#### WHAT YOU SHOULD DO:
Without the pictures, repeat the listing character for character.

#### SOURCE DATA:
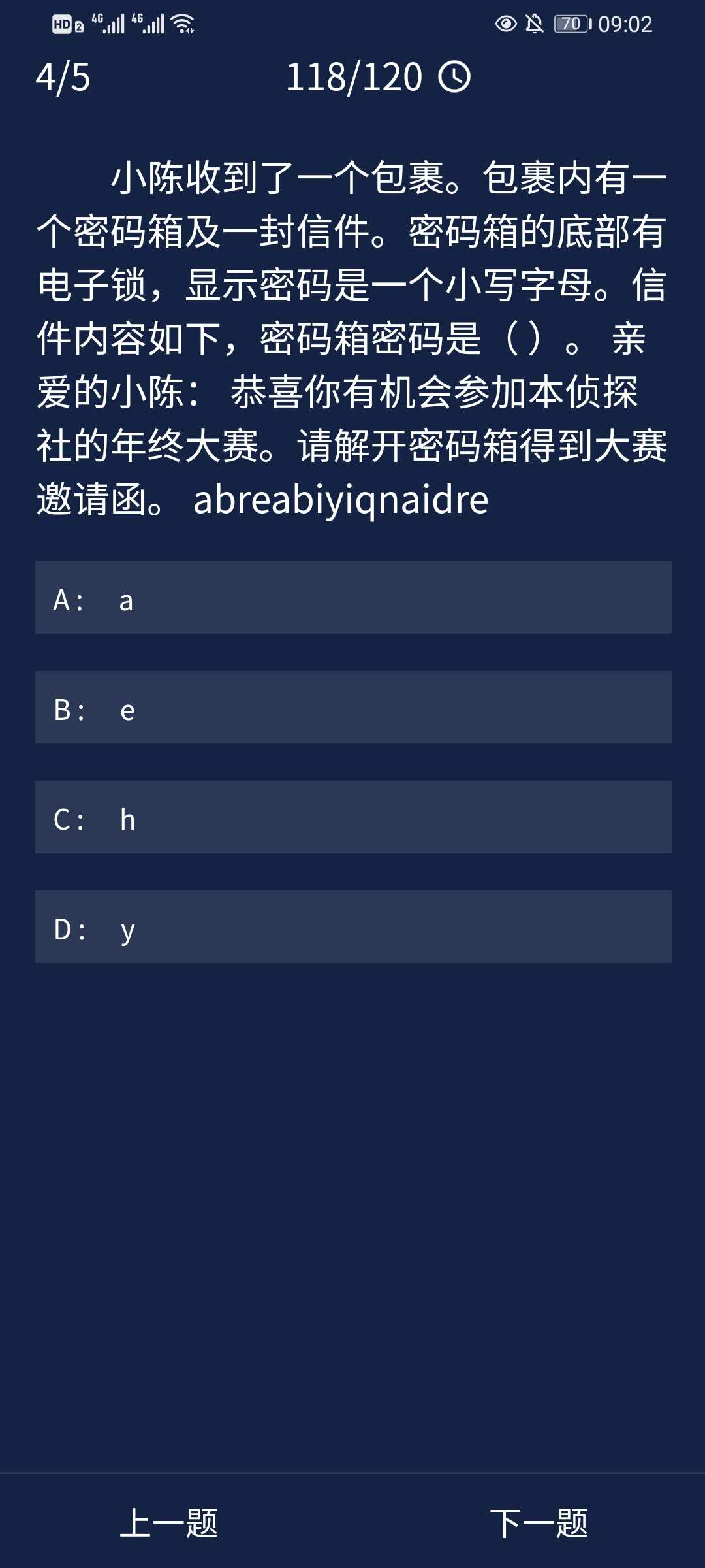 4、小陈收到了一个包裹。包裹内有一个密码箱及一封信件。密码箱的底部有电子锁,显示密码是一个小写字母。信件内容如下,密码箱密码是()。亲爱的小陈:恭喜你有机会参加本侦探社的年终大赛。请解开密码箱得到大赛邀请函。abreabiyiqnaidre
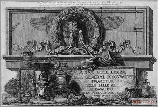 miedzioryt i akwaforta, 47 x 70 cm w świetle passe-partout karta tytułowa t. II dedykowana gen. Szuwałowowi i ks. Golicynowi. sygnowany: "Cavalier. Piranesi del. et inc.", "G. B. Piranesi" oraz "Gio Batta Piranesi Architette"
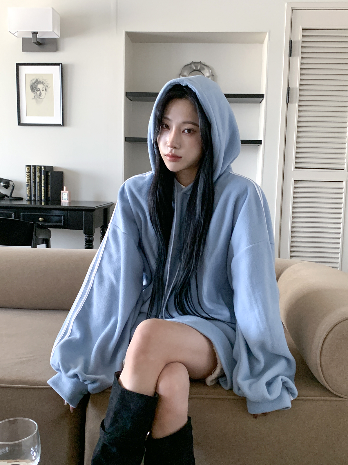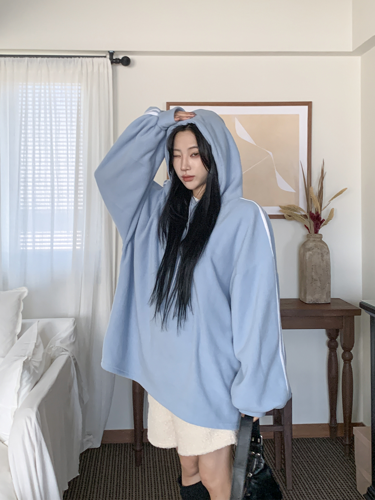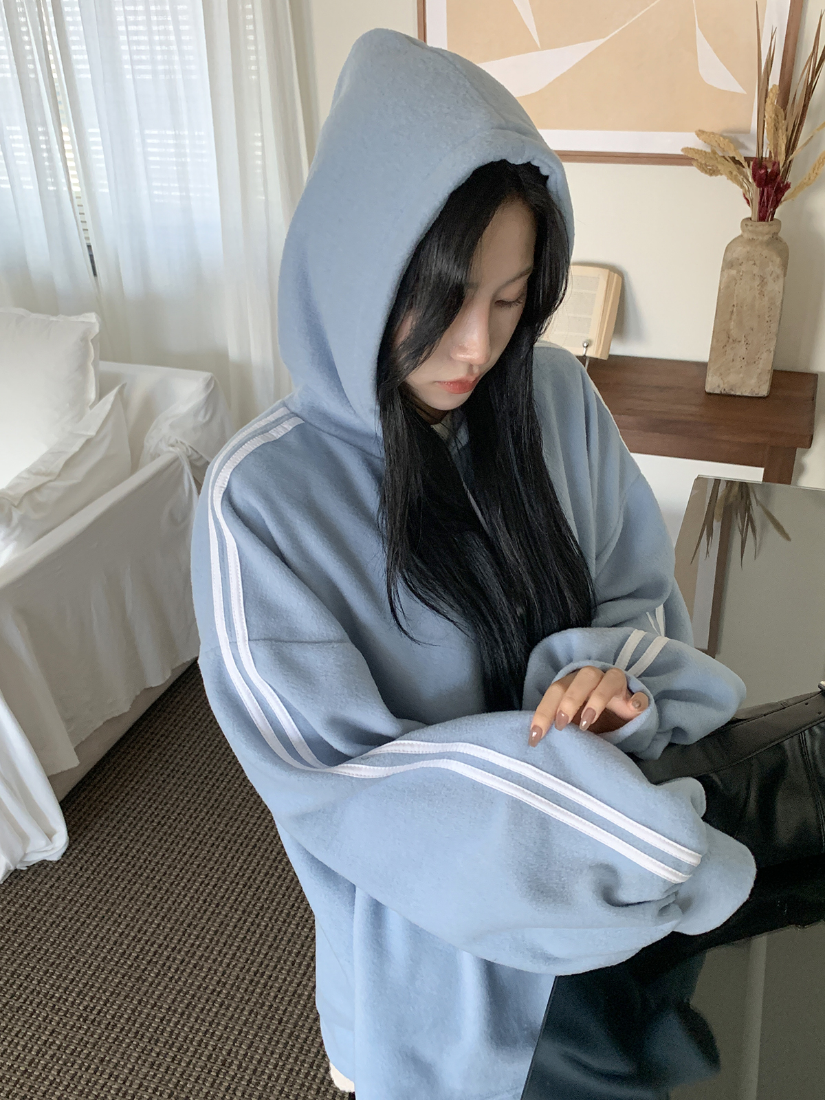 #가벼운#피치기모#소프트모직#트랙후드티#롱박시#티셔츠#후드티셔츠#후드#여성티셔츠#여성후드티#데일리후드티#데일리코디#여성코디#캐쥬얼#편한
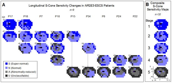 To determine how the disease progresses, we studied longitudinal S-cone sensitivity data. For patients with multiple visits (n = 9), S-cone sensitivity maps were arranged temporally and visually grouped based on patterns of S-cone function across the visual field; 5 general disease stages were identified. Composite maps were generated using a wider cohort of NR2E3-ESCS patients (n = 32 patients) to create generalized representations of the stages that show how patterns of S-cone function change across the visual field with time. Data collected during each patient’s first (or only) visit were used, so as to sample each patient once in generating the composites. Each individual map was visually categorized into one of the 5 disease stages. For each stage, a ‘mode’ rule was used to create the aggregated map: the S-cone classifier (S, A, N, or U) that appeared the most times at a given locus was assigned to that locus in the composite map. At loci where the mode could not be determined, the composite classifier was assigned based on the numerical average of the sensitivity measurements.

#### EXERCISE SOLUTION:
 4、小陈收到了一个包裹。包裹内有一个密码箱及一封信件。密码箱的底部有电子锁,显示密码是一个小写字母。信件内容如下,密码箱密码是()。亲爱的小陈:恭喜你有机会参加本侦探社的年终大赛。请解开密码箱得到大赛邀请函。abreabiyiqnaidre
 miedzioryt i akwaforta, 47 x 70 cm w świetle passe-partout karta tytułowa t. II dedykowana gen. Szuwałowowi i ks. Golicynowi. sygnowany: "Cavalier. Piranesi del. et inc.", "G. B. Piranesi" oraz "Gio Batta Piranesi Architette"
 #가벼운#피치기모#소프트모직#트랙후드티#롱박시#티셔츠#후드티셔츠#후드#여성티셔츠#여성후드티#데일리후드티#데일리코디#여성코디#캐쥬얼#편한
 To determine how the disease progresses, we studied longitudinal S-cone sensitivity data. For patients with multiple visits (n = 9), S-cone sensitivity maps were arranged temporally and visually grouped based on patterns of S-cone function across the visual field; 5 general disease stages were identified. Composite maps were generated using a wider cohort of NR2E3-ESCS patients (n = 32 patients) to create generalized representations of the stages that show how patterns of S-cone function change across the visual field with time. Data collected during each patient’s first (or only) visit were used, so as to sample each patient once in generating the composites. Each individual map was visually categorized into one of the 5 disease stages. For each stage, a ‘mode’ rule was used to create the aggregated map: the S-cone classifier (S, A, N, or U) that appeared the most times at a given locus was assigned to that locus in the composite map. At loci where the mode could not be determined, the composite classifier was assigned based on the numerical average of the sensitivity measurements.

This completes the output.